4.1 Broad Statement on Structure of the Industry
Australias hospital system comprises a mix of public and privately owned hospitals. Private hospitals provide a large proportion of Australias hospital services which would otherwise need to be met within the publicly funded Medicare system. State health systems are dependent on an appropriate private/public mix to ensure adequate provision of services. Victoria has one of the largest private hospital sectors in Australia, accounting for 29% of all occupied bed days, and 28% of all separations (ABS,1993/94).
The private sector has two components: not-for-profit (NFP) hospitals and for-profit (FP) hospitals. Charitable, religious and community controlled hospitals make up the NFP segment. Apart from the bush nursing hospitals, these have traditionally been the larger, more sophisticated facilities. However, the more recent trend is for the FP sector to rationalise and become larger (ie. consolidate into major chains) and/or develop as niche players.
Traditionally, public and private hospitals have been distinguished on the basis of the level of medical care and the relative complexity of services provided, with only a small degree of substitutability between the services offered by each. Historically, the private hospital sector was largely a cottage industry. However, this has also changed in recent years, given that the (now numerous) larger private hospitals have undertaken significant investment in equipment, facilities etc. in order to provide more complex services including cardiac, orthopaedic, plastic and neurological procedures.
It is arguable that the changing nature of the private sector has, in part, resulted from the declining length of stay patient profile. Targeting the more complex procedures is likely to be associated with increased patient length of stay and greater utilisation of beds and other hospital services.
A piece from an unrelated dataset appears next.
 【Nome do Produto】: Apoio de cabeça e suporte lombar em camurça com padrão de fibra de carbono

The availability of a wider range of services also provides greater incentives for private insurance holders to elect to be treated in private hospitals.
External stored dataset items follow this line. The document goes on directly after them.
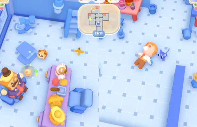 该游戏支持多人在线协作对战,最多可容纳三名玩家共同扮演宠物协同拆解家具,一名玩家担任主人进行反制。团队合作中可通过战术分工提高效率,例如利用一只宠物牵制主人注意力,其余两只集中拆除关键区域。若缺少真人队友,系统提供AI辅助功能,AI会依据当前局势自动配合行动。此外,街机模式包含投掷训练场和萌宠跑酷等非对抗性玩法,前者用于锻炼道具投掷精度,后者要求在规定时限内穿越障碍前进,整体节奏轻松,适合休闲体验。
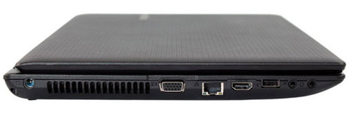 Левая сторона Acer eMachines E642G заполнена намного больше. Здесь находятся такие востребованные интерфейсы, как VGA, через который можно подключить внешний монитор, цифровой порт HDMI и разъем сетевого контроллера RJ-45 со скоростью передачи данных 1 Гбит/с. Кроме этого, нашлось место для еще одного порта USB, гнезда для подзарядки и двух аудиоразъемов для подключения микрофона и наушников.
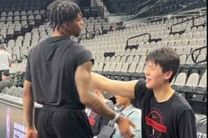 24直播网4月23日讯 昨日开拓者对阵马刺G2赛前,记者周玲安拍到杨瀚森和队友乐福积极互动,并与助教伯勒尔用英文流利沟通。伯勒尔是去年夏联时球队的主帅。
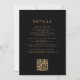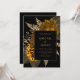 This elegant, moody wedding invitation features a lush, romantic floral bouquet in burnt orange and rust with gold faux foil and glitter foliage on a black background. Customise the gold-coloured text in stylish fonts on a black rectangle. The reverse side provides space for wedding details on a solid black background, along with a QR code guests can scan to visit your website and RSVP, which saves the cost of printing and mailing separate RSVP cards.
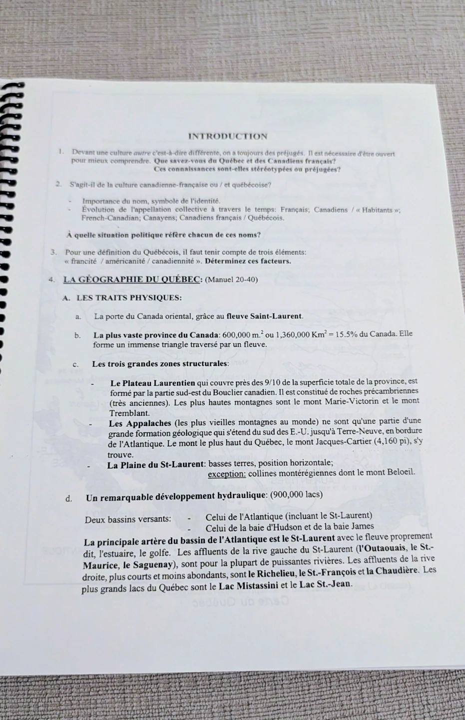 This is a guide for the FR 236 course on Quebec culture from 1534 to 1900. It covers physical geography and structural zones of the province. Includes information on the St. Lawrence River, Appalachians, and La Plaine du St-Laurent.
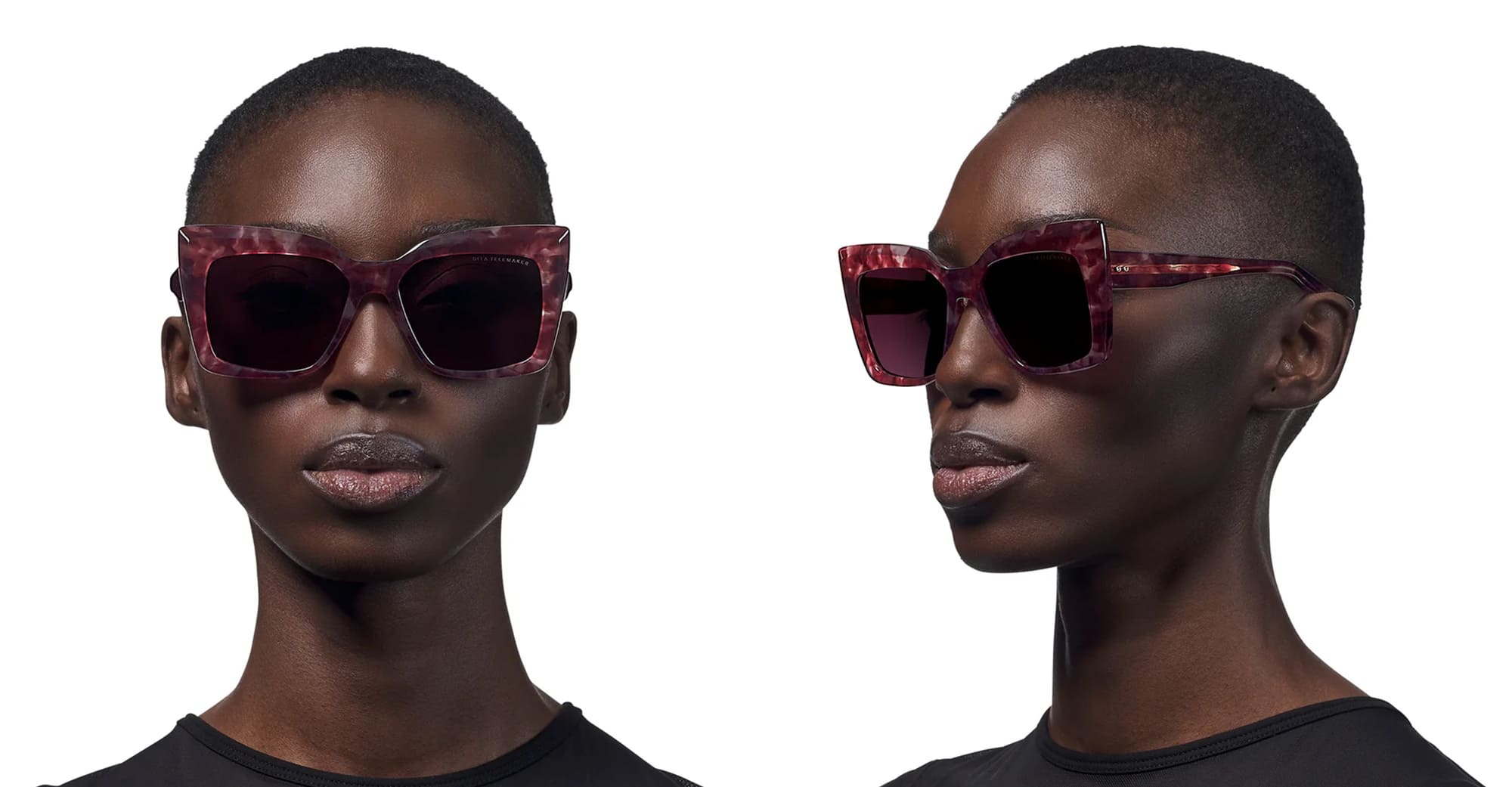 DITA TELEMAKER - ROSE TORTOISE (DTS704-A-05) are butterfly sunglasses made in Japan. They feature high quality 6mm acetate frame with elegantly skived angular finish, custom wire core with intricate pressed detail, Dita's hex screw hinges, cherry gradient 6 base CR39 lens with 100% UVA and UVB protection and anti-reflecting coating.

A further trend in recent years has been the growth in number of freestanding outpatient facilities, or "day procedure centres". These centres place significant competitive pressures on private hospitals because of their advantages in comparison to in-patient facilities (in particular, the reduced capital investment requirements).
A special (and unique) element of the Victorian private hospital sector is that of the bush nursing hospitals. Bush nursing hospitals are generally private, not-for-profit hospitals. They provide a variety of health services (including medical/surgical, obstetrics and dialysis,) throughout Victoria, particularly in outer metropolitan, rural or remote areas. Unlike some of the larger metropolitan private hospitals, their smaller size and limited customer base, generally precludes substantial capital investment in equipment and/or refurbishment of buildings. This, combined with the reluctance of many practitioners to work in remote rural areas, means bush nursing hospitals are unable to offer the range and complexity of services offered in larger, and more sophisticated, metropolitan hospitals. Previous reports considering this sector, such as the 1993 Report of the Taskforce of the Minister for Health, into the Victorian Bush Nursing Agencies have concluded that competitive pressures are likely to compel a change in their focus and operation, towards smaller multi-purpose centres, if they are to remain commercially viable.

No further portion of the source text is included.